The Yazidis, an insulated and internally hierarchical community, have a long history of persecution and victimization at the hands of Muslim rulers and extremist organizations. While the Yazidis have lived among Sunni Arabs and Kurds side by side for centuries, discriminatory practices and social distance characterized interreligious relations, including the widespread perception that Yazidis are devil worshipers. In the aftermath of the 2003 invasion of Iraq, many Yazidis gained new employment opportunities under the de facto Kurdish control over the area that generated resentment among local Arabs.

The Islamic State’s ideology and Yazidis

In this historical context, the rapid advance of the Islamic State into the Sinjar area became a disaster for the Yazidis. The Islamic State’s ideology defines the Yazidis as polytheists who have no right to exist under Islamic rule. In many instances, captured Yazidis were given the “choice” of conversion or death and enslavement.

In 2014, a large village about 15 miles south of Sinjar called Kocho held off Islamic State fighters in a siege that lasted 12 days. As recounted by a survivor, eventually, the Islamic State fighters stormed the village and massacred about 400 men immediately and about 80 elderly women later. The remaining women and children were treated as slaves and sold to Islamic State fighters. Even while the Islamic State took pains to say that it prohibited gang rape — as Yazidi women were supposed to be the exclusive property of their owner — Islamic State fighters simply sold their “slaves” to other fighters.

From neighbors to perpetrators: Looking beyond ideology

A recent study shows that perpetrators’ ideology often plays a decisive role in their choice of targets and means of violence. At the same time, one needs to look beyond ideology to opportunism and deep-rooted stigmatization of the Yazidi minority to explain how the Islamic State’s violence against that community faced no opposition from the local population.

A recurrent theme in my conversations with Yazidis and testimonies of female survivors is that not only foreign fighters but also local Iraqis and Syrians, both men and women, were actively involved in their rape and enslavement. In the words of a survivor, “They did not attack us because of their ideology, but to simply have the opportunity to rape us”.

While some Sunnis from the Sinjar area tried to protect their Yazidi neighbors, many others, including godfathers of Yazidi boys who were supposed to act as their protectors, participated in the enslavement of women and the robbing of the Yazidis and looting of their properties resulting in revenge attacks after the defeat of the Islamic State. The mass abduction of Yazidis has become a profitable activity for both the local population and Islamic State fighters, who often sold their captives back to their families for hefty sums via smugglers.

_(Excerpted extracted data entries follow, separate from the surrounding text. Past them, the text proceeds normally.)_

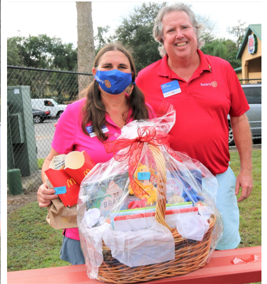
DeLand Masters Mini Golf Tournament Raffle Winnings for New Turnbull Grandbaby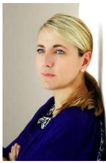
38 Patricia Urquiola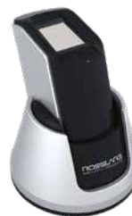
USB Fingerprint Scanner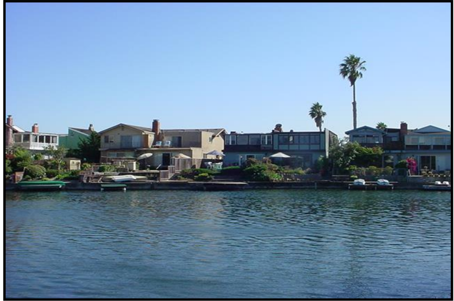
Homes on a lagoon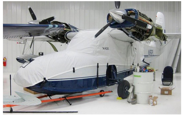
Grumman G44 Widgeon Canopy/Nose Cover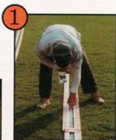
Two-inch form board.

A: YES, whichever way works for you! Here are four examples.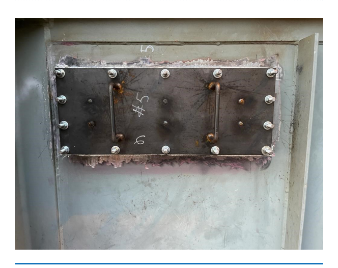
Figure 2. Example of access door install in progress.

Perhaps the best way to showcase the benefits of online cleaning can be demonstrated by a case study example. There are six main points to emphasise when considering an example refinery online cleaning project: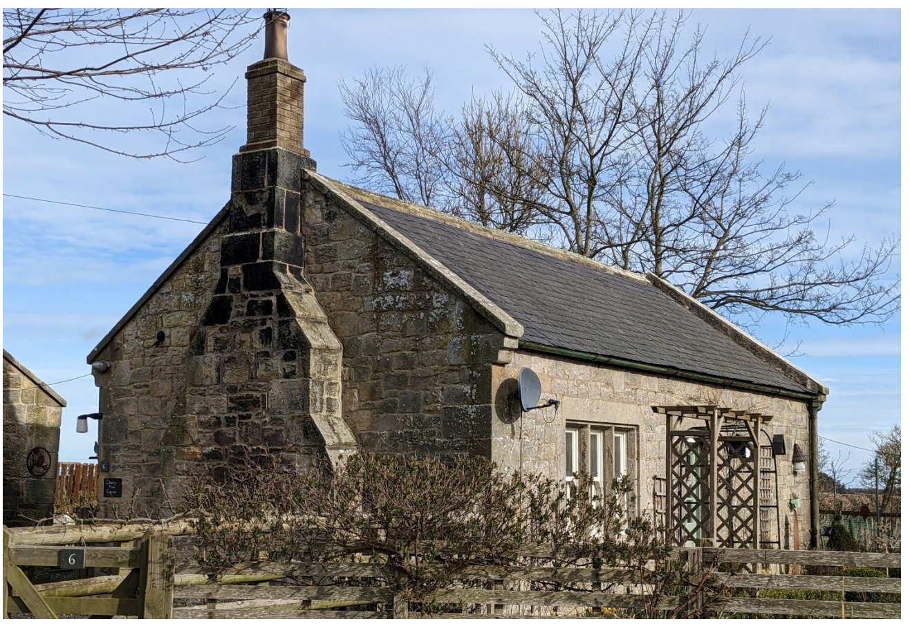
Typical building styles in South Charlton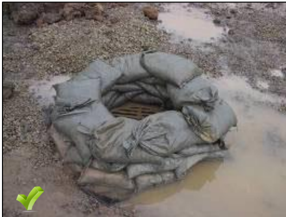
Stone-filled bags of either burlap or woven geotextile fabric should be used. Leave one bag gap in the top row to provide a spillway for overflow.

PROPERLY INSTALLED INLET PROTECTION KEEPS SEDIMENT AND TRASH OUT OF LOCAL WATERWAYS, INCLUDING STREAMS, RIVERS, AND LAKES, AND PROTECTS OUR ENVIRONMENT.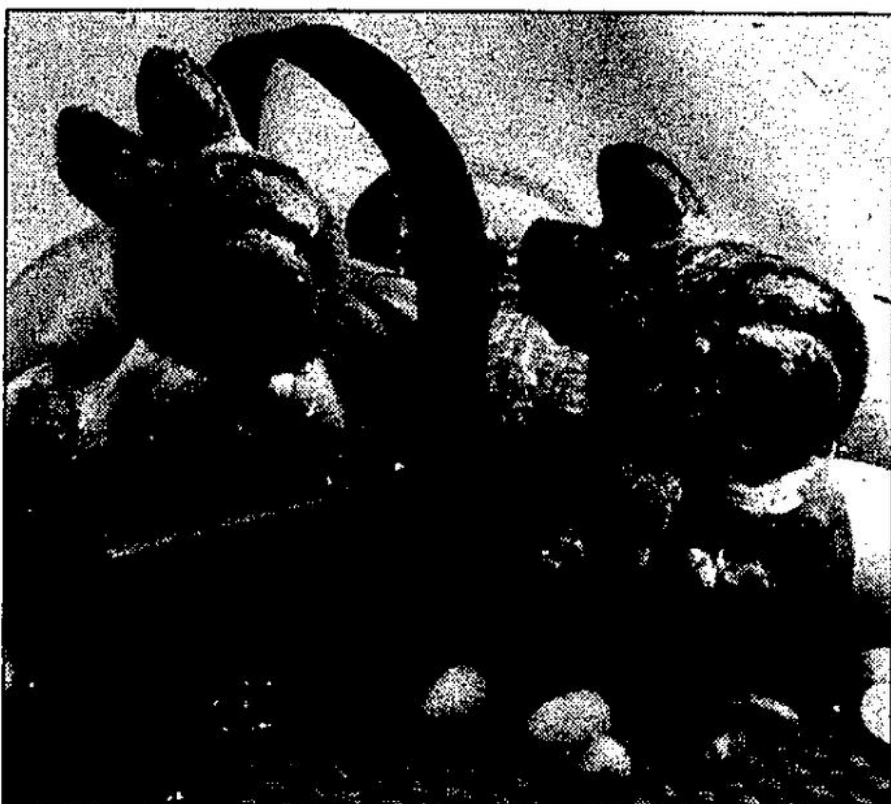
Bread bunnies go with any meal but they're especially nice served for breakfast with fresh preserves.

little, however, to the person hogging the remote control.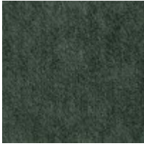
Body Fabric: 21008- 50CC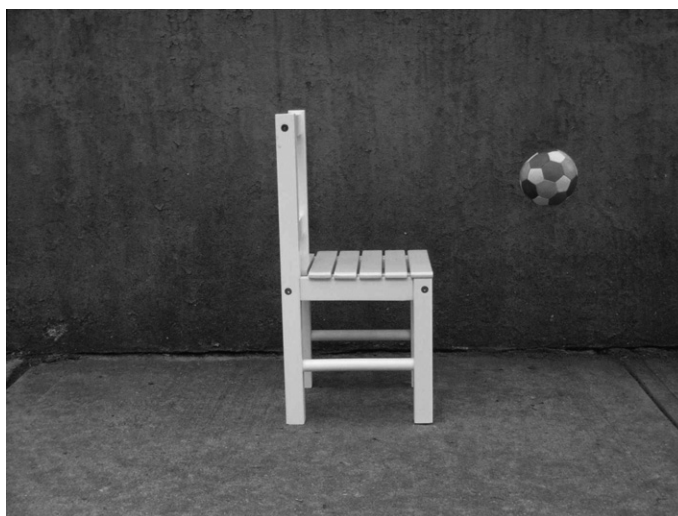
Fig. 17. B&amp;C 4–10.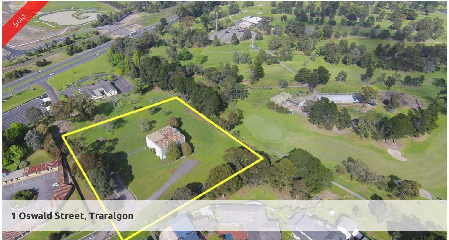
1 Oswald Street, Traralgon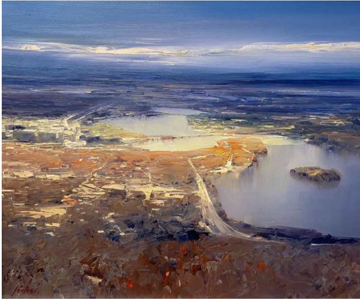
Ji Chen, View from Black Mountain, Canberra . 2019 oil on canvas 60 x 90 cm $5,500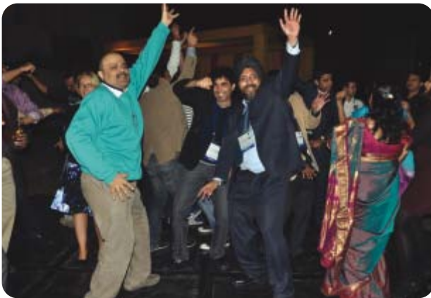
Participants in high spirits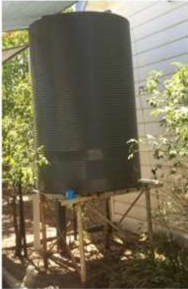
2100 Polymaster tank $500 Tank Stand $100

The Murrabit Advancement Association has the following items for sale.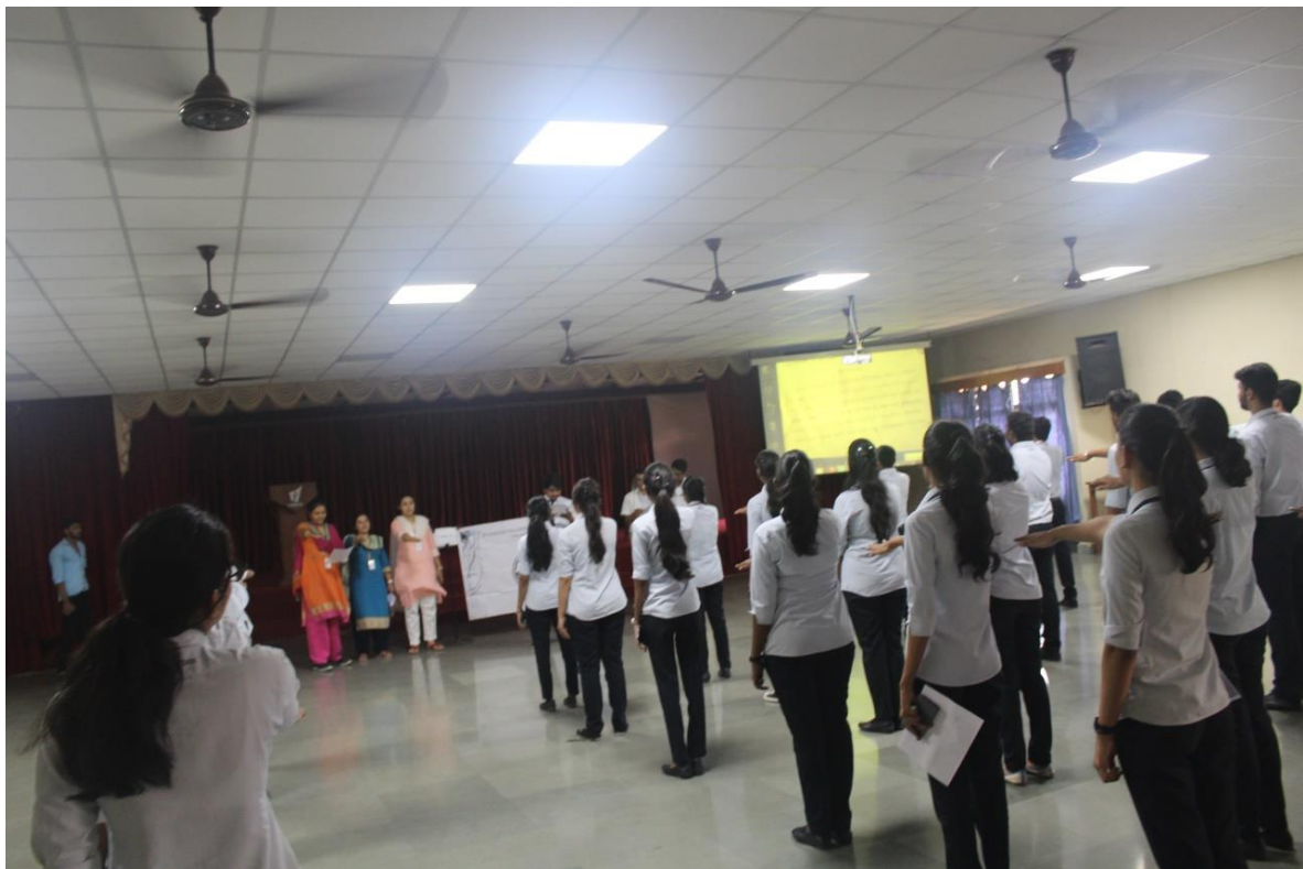
NSS Student Volunteer giving Tobacco Control Pledge

It is too simplistic to argue that the Yazidi tragedy is a direct and inevitable result of historical religious antagonisms. Yet, even if many of these locals did not subscribe to the Islamic State ideology and were not its members, they readily dehumanized the Yazidis after the ascendancy of the Islamic State. Deep-rooted stigmatization of Yazidis and general insecurity in post-Saddam Hussein Iraq contributed to their vulnerability as a community and enabled the Islamic State to implement its exterminating ideology and find collaboration among the local population.

This pattern of genocidal political projects mobilizing ordinary people in mass crimes has been observed in settings as diverse as Nazi Germany and Rwanda. The uniqueness of the Islamic State ideology should not obscure the fragility of intercommunal coexistence in times of crises and the difficulty of intercommunal reconciliation.

Güneş Murat Tezcür is the Jalal Talabani chair of Kurdish Political Studies and directs the Kurdish Political Studies Program at the University of Central Florida.